Part 2 of a three-part series on shadow AI for DPOs and privacy officers.
Shadow AI is the use of AI tools such as ChatGPT, Claude, or Gemini outside the purview of IT and the DPO, often through free personal accounts. In part 1, we saw that entering personal data into such a tool is often already unlawful at the moment of entry: there is no legal basis for disclosure to the provider, the transparency obligation is not met, and the principles of Article 5 GDPR are compromised. The opening incident of this series—the municipality of Eindhoven, where employees uploaded Youth Act documents and CVs to public AI tools—sharply illustrates this.
But unlawfulness is one layer; a reportable data breach is another. In this second part, we address two pressing questions that arise when things go wrong: when shadow AI constitutes a (reportable) data breach, and what happens to personal data once it enters a model. The risks outside the scope of the GDPR, concerning trade secrets and contractual confidentiality, will be discussed in part 3, as they are governed by the same governance measures.
When is shadow AI a data breach?
Unlawfulness is one layer, a reportable breach another. Shadow AI use can lead to such a breach, but this does not automatically follow from the mere fact that personal data has been entered. This chapter will successively address: the mechanism (Art. 4(12) and 32 GDPR(1)), the moment of awareness and the 72-hour deadline (Art. 33 GDPR), the risk threshold and the documentation obligation, notification to data subjects (Art. 34 GDPR), and the DPIA obligation (Art. 35 GDPR).
The mechanism: a security breach
The distinction from the previous topic is crucial. Unlawfulness (the missing legal basis, the unmet transparency, and the violated principles) exists even without a third party actually viewing the data.
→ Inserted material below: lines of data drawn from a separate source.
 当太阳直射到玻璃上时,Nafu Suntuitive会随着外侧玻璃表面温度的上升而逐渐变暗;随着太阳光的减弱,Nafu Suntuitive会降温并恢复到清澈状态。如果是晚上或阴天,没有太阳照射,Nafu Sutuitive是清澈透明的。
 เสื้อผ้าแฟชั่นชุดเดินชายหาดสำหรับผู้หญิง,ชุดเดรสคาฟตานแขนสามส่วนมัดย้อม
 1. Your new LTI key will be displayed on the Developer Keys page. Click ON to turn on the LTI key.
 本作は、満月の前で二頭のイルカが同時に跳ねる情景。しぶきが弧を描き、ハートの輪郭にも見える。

A data breach requires a security breach within the meaning of Article 4, paragraph 12, GDPR. In the context of shadow AI, this security breach can arise precisely because appropriate technical and organizational measures are lacking or inadequate: no AI policy, no list of approved tools, no technical access restrictions, and insufficient training (Article 32 GDPR). This creates the risk that an employee provides personal data to a provider with whom no processor relationship or other appropriate usage framework exists, and who then processes the data for their own purposes. Two components of Article 4, paragraph 12, come into play here: the unauthorized disclosure by the organization (through the employee) and the unauthorized access by the provider.
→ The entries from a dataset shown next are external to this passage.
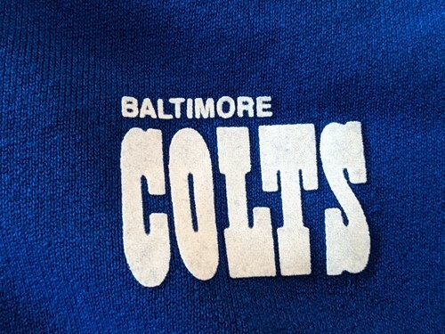 In vendita e una polo blu vintage dei Baltimore Colts degli anni '60 usata di Ban Lon per Garan taglia XL NFL.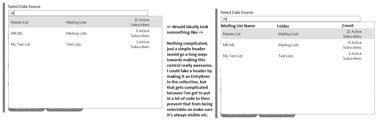Is there a recommended way to create the display aspects of the RadComboBox with styled multicolum display with a header, but also have the tokenized aspect of the autocomplete textbox? The auto complete textbox seems like it does almost everything that i need and i've created a custom template , which works great except that i can't put a header at the top. I'm using a simple datatable from my database as the data source, but it would be very useful to put a single column header across the top of the list. it seems to me that this would be a very common use case scenario. it would also be very useful from a formatting standpoint to be able to have a header where i can define a single <table> and then an item template that is just a <tr> .. </tr> so that like columns in each row will occupy the same amount of space. Right now i can overcome that by using a fixed pixel width in each cell, but a % width is disasterous. The RadComboBox seems to address that problem but it doesn't have the same tokenizer capability that the auto complete textbox has. With the autocomplete textbox i can press the backspace or X and the whole item is removed. in the RadComboBox as i hit backspace it just partially erases the text and i have to hope that my users will continue to erase the whole thing..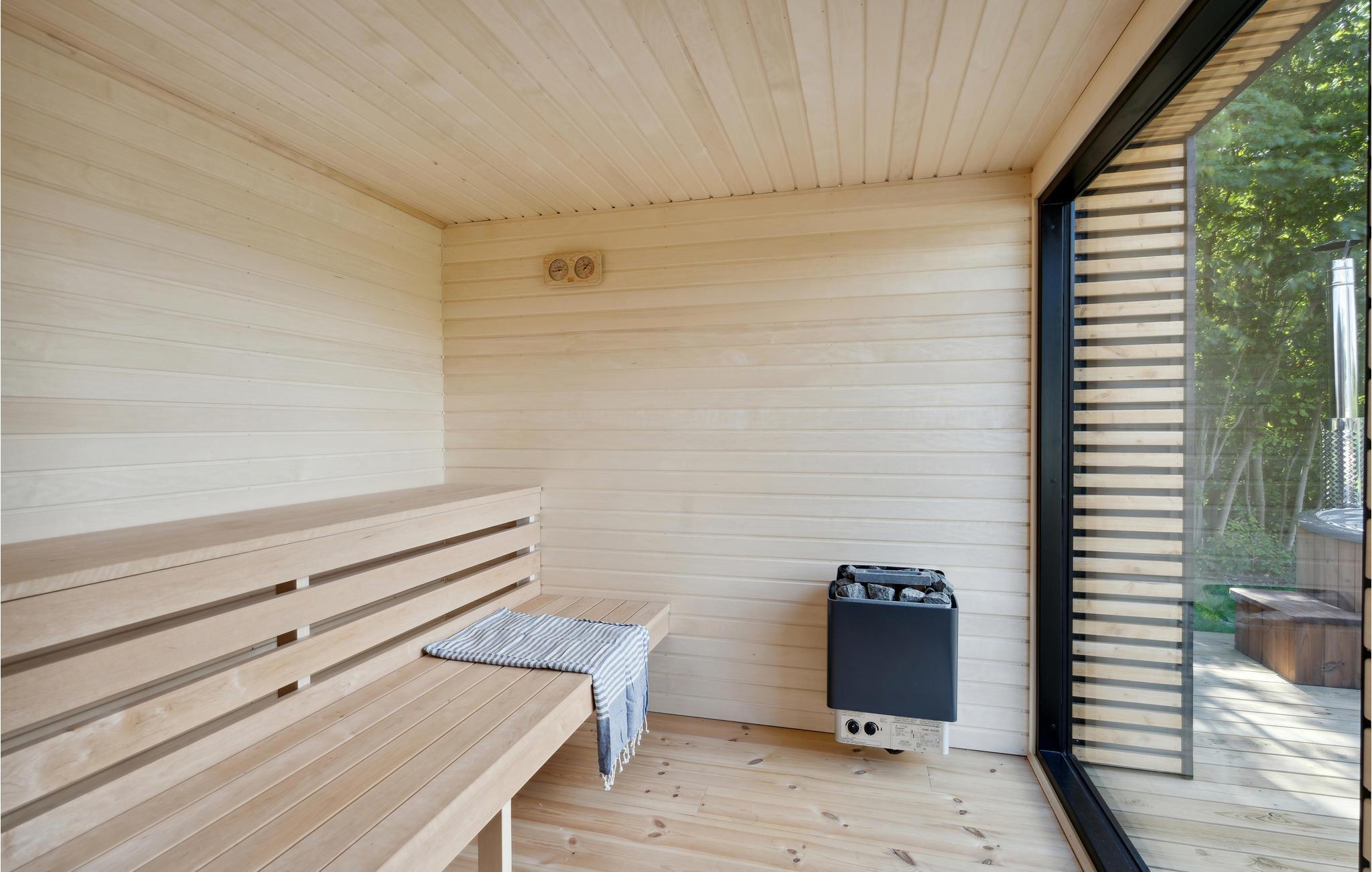 I kommer heller ikke til at mangle forkælelse på ferien, for der er spabad i huset, mens I kan se frem til sauna og et vildmarksbad i haven. Blød de ømme muskler op efter dagens strabadser og nyd en rolig stund, mens aftenluften kommer snigende, og mørket falder på. Dæk op til sommerens måltider på den delvist overdækkede terrasse, og senere kan I samles ved bålstedet til skumfiduser og snobrød.

The fact that the employee acted on their own authority and contrary to agreements does not relieve the employer of their responsibility. They remain the data controller. The EDPB has confirmed in the context of ChatGPT that responsibility for compliance cannot be shifted to the data subject or user, and that the provider remains responsible and cannot argue that the entry of such data was actually prohibited(2). Thus, an employer does not absolve themselves by pointing to the unauthorized employee: the lack of adequate control measures is precisely a shortcoming.
The moment of awareness and the 72-hour deadline
If a reportable data breach occurs, the clock starts ticking from the moment of awareness. This moment is more precise than it seems: a data controller is aware as soon as they have established with a reasonable degree of certainty that a security incident has occurred that has compromised personal data, not just upon the initial, possibly inconclusive, detection, and not only after the full investigation has been completed. From that moment, the period of Article 33 applies: notification without undue delay and, if feasible, within 72 hours at the latest, whereby phased notification is permitted and a delay must be justified with reasons(3).
Precisely with shadow AI, this moment of awareness is problematic. Unlike with an engaged processor, who must inform the data controller without undue delay about a leak, there is no notifying processor when using a public chatbot: the provider acts for its own purposes and does not inform the organization(4). The organization is therefore dependent on its own, often late, detection.
The Eindhoven incident illustrates the consequence: because the services used only stored the input for about thirty days, it was no longer possible to determine afterwards how many and which files had been shared. Moreover, anyone who does not detect or detects too late their own shadow AI use runs the risk that such a delay will be deemed culpable.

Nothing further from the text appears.